The guidance, published by the SEC’s Division of Trading and Markets in a set of frequently asked questions on crypto-asset activities, addresses a technical but consequential uncertainty. Broker-dealers are required to maintain minimum levels of net capital to cushion against market volatility and counterparty risk. Assets deemed risky are subject to “haircuts”, reducing the value that can be counted towards those requirements.
Until now, ambiguity over how to treat payment stablecoins left firms in a bind. A 100% haircut—effectively treating such tokens as worthless for capital purposes—would have made holding them prohibitively expensive. By contrast, a 2% haircut allows a broker-dealer with $100m in eligible stablecoins to count $98m towards its regulatory capital.

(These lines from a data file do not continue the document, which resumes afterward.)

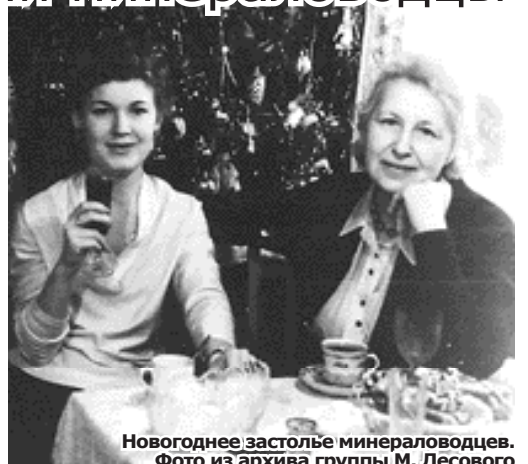
Новогоднее застолье минераловодцев.

— На эти ёлки, насколько я понимаю, ежегодно приглашали детей железнодорожников. У нас же город до недавнего времени делился, так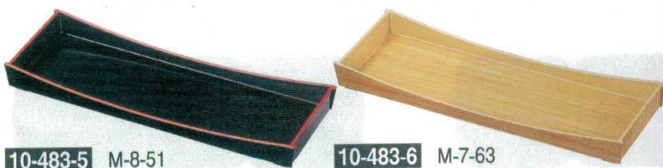
10-483-5 M-8-51 A 尺0寸舟型盛込器 黒天朱 ¥1,100 (31.7×10.9×3.3) 欄80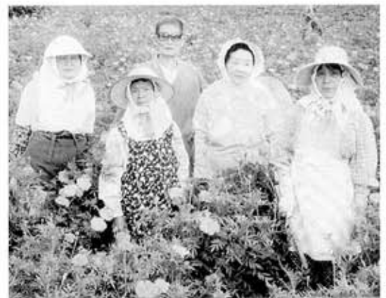
手をかけた花畑の中で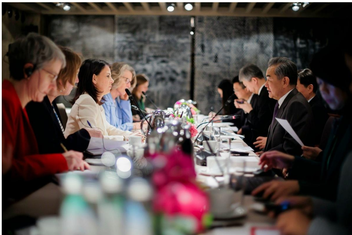
Министр иностранных дел Германии Анналена Бербок, министр иностранных дел Китая Ван И (справа) во время встречи на 60-й Мюнхенской конференции по безопасности.

инфраструктура). Проект обеспечит сверхбезопасную связь между критически важными инфраструктурами (в первую очередь — военными и финансовыми) и государственными учреждениями на территории Европейского союза и по всему миру.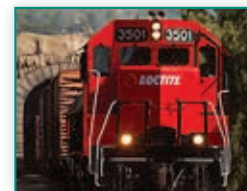
226 Ljepilo, koje može vući vlak!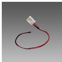
Connecteur avec câble - Strip LED IP20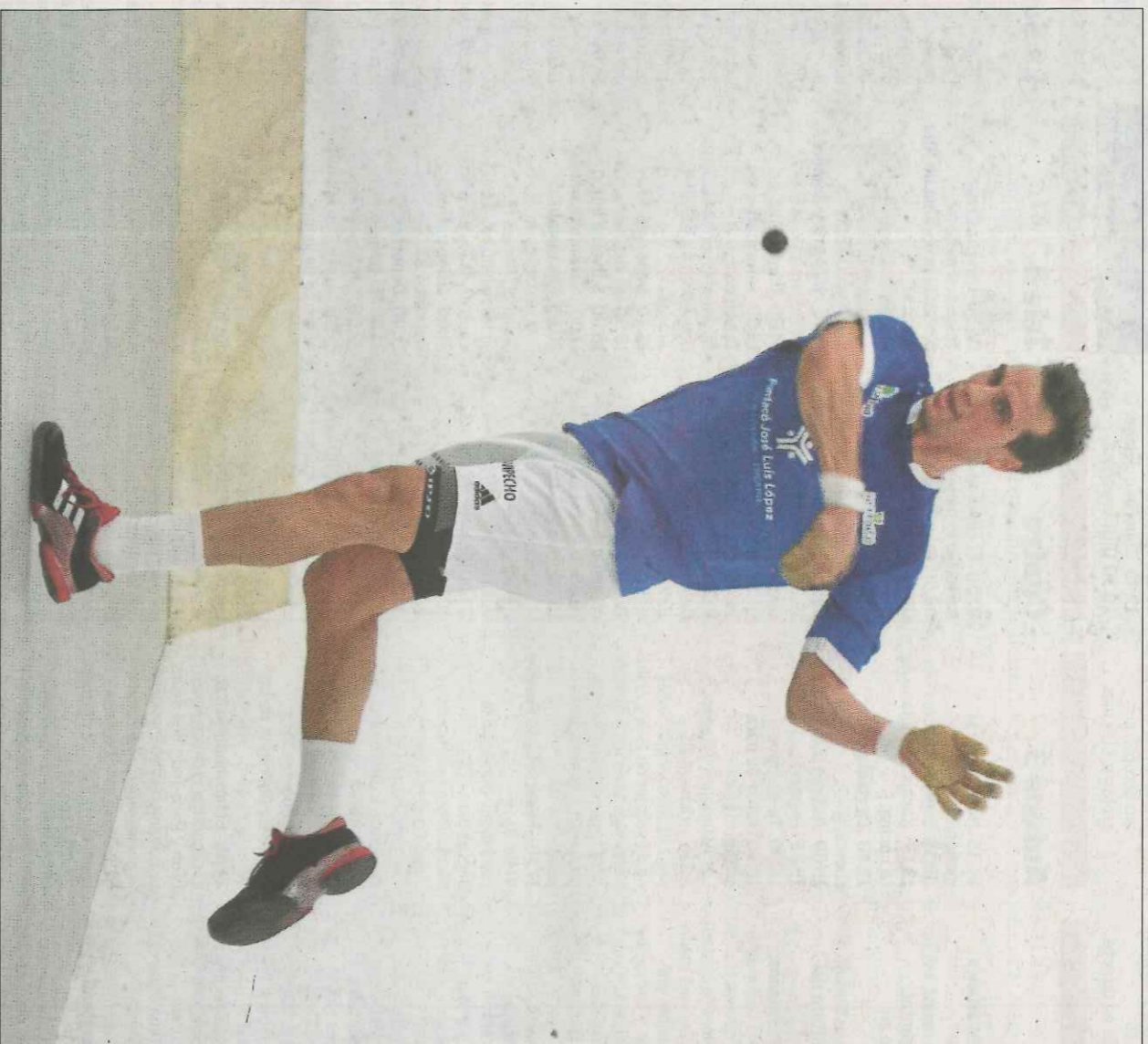
Moltó viu una situació límit i inclús es planteja la retirada tot i ser una de les figures més destacades. VAL NET

Poques, molt poques, eren les persones que estaven assabentades del seu pensament. Naturalment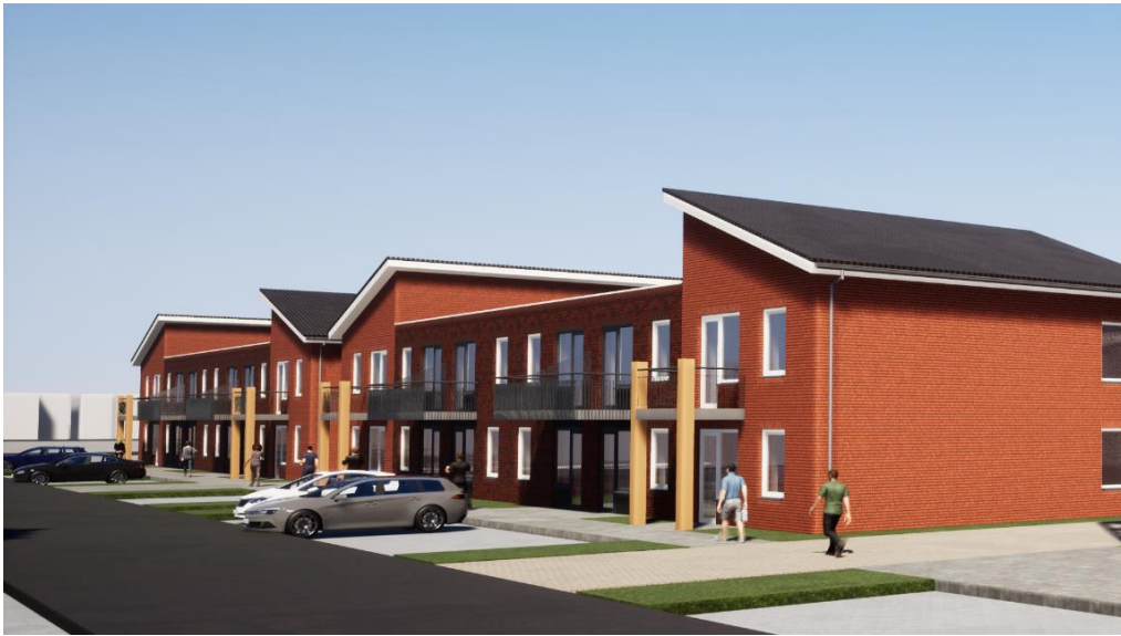
Boven: impressie 24 appartementen

Onlangs is Patrimonium gestart met de bouw van 39 appartementen voor 1 en 2 persoonshuishoudens aan de Constantijnstraat. 24 van deze appartementen worden levensloopbestendig gebouwd. Dat betekent dat deze appartementen ook geschikt zijn voor senioren. 15 appartementen zijn compacte tweekamerappartementen, die zeer geschikt zijn voor éénpersoonshuishoudens.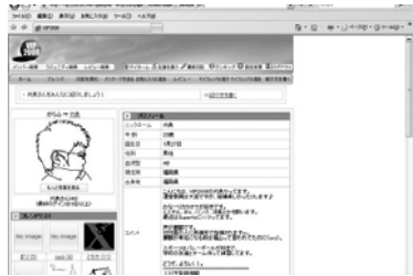
図5 SNS メンバページ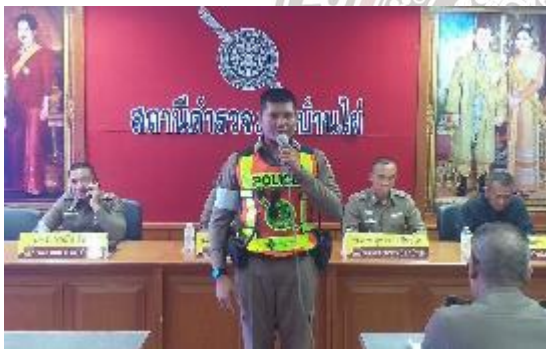
รายงานตัวข้าราชการที่เดินทางมารับตำแหน่งใหม่ ณ สภ.บ้านไผ่

ได้ดำเนินการตามโครงการต่าง ๆ ที่ผู้บังคับบัญชามอบหมาย เช่น โครงการอาหารกลางวัน , โครงการพัฒนาสุขภาพข้าราชการตำรวจ (เล่นกีฬาฟุตบอล) , โครงการทำความสะอาดตามกิจกรรม ๕ ส. , โครงการตำรวจดีเด่น เป็นต้น การประชาสัมพันธ์ข้อมูลข่าวสารการปฏิบัติงานต่าง ๆ ของสถานี การตรวจสอบสภาพการเงินและปัญหาหนี้สินของข้าราชการตำรวจ สภ.บ้านไผ่ รวมถึงหาแนวทางการแก้ไข การเปิดเผย ให้ประชาชนตรวจสอบ และประเมิน ความโปร่งใสในการปฏิบัติงานของ สภ.บ้านไผ่ การพัฒนาแหล่งที่อยู่อาศัยตามโครงการบ้านพักนอากู่ การเรียกตรวจสอบสภาพทรัพย์สินของทางราชการที่มีการเบิกยืมไป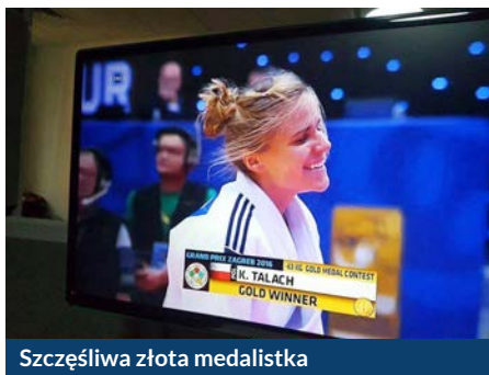
Szczęśliwa złota medalistka

- Judo to w mojej rodzinie sport pokoleniowy i rodzinny. Mój tata trenował judo. Dziś jest świetnym i poważnym trenerem. Mam w nim ogromne wsparcie, za co serdecznie dziękuję. Judo uprawia brat i trenowała siostra. Nie był to jednak przymus. Bardzo mi imponował brat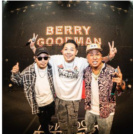
ベリーグッドマン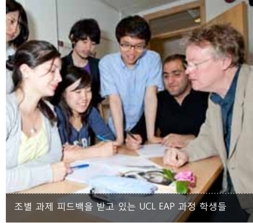
조별 과제 피드백을 받고 있는 UCL EAP 과정 학생들

다른 대학으로 지원하려는 학생들은 UCL Pre-sessional 코스에 지원하기 전에 먼저, 그들의 어학 능숙도 조건을 충족시키기 위해 UCL Pre-sessional 영어 자격이 되는지 체크해봐야 합니다.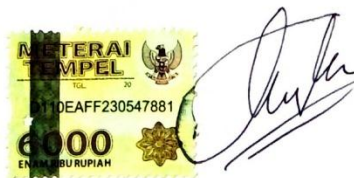
Alfian Absor Mukmin NIM.14290008

Palembang, 4 September 2018 Yang membuat pernyataan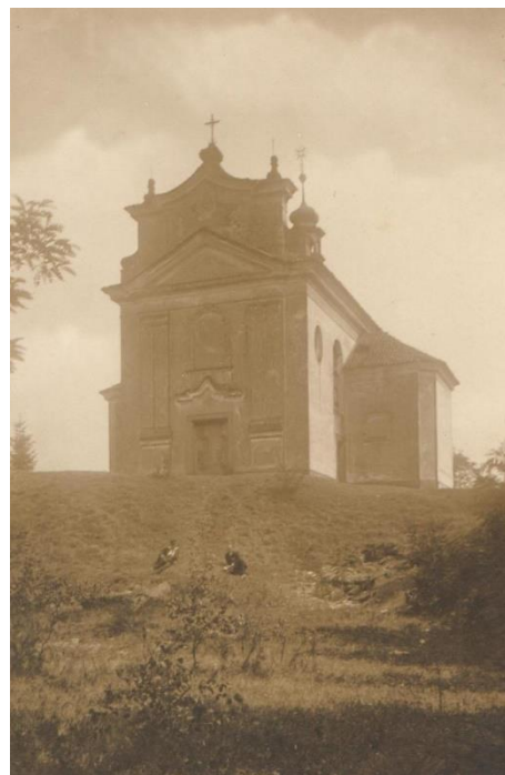
Poutní kostel na Křesovci počátkem 20. století

Hester Peirce, an SEC commissioner long sympathetic to crypto markets, welcomed the clarification. Given the reserve assets backing payment stablecoins, she argued, a full haircut would have been “unduly punitive”.
For crypto-native observers, the shift is less about percentages than precedent. Stablecoins are the plumbing of on-chain finance: settlement assets for tokenised securities, collateral for decentralised markets and the grease for exchange liquidity. If broker-dealers were effectively barred from holding them, the integration of traditional finance with blockchain rails would have stalled.
The new stance stops short of full endorsement. It does not anoint stablecoins as cash equivalents in law, nor does it resolve broader regulatory questions around issuance, redemption rights or systemic risk. But by permitting treatment akin to low-risk cash instruments—closer in spirit to money-market funds than to speculative tokens—the SEC staff have reduced a major friction point.
Marc Baumann, chief executive of crypto-intelligence firm 51, called the move “a big deal”, noting that Wall Street can now hold and deploy stablecoins without wrecking capital ratios. That may be overstated. The guidance is technical, issued by staff rather than the commission itself, and limited in scope.
Still, in a regulatory environment often defined by enforcement first and clarity later, even incremental accommodation matters. A 2% haircut may seem trivial. In capital markets, it can be the difference between participation and abstention.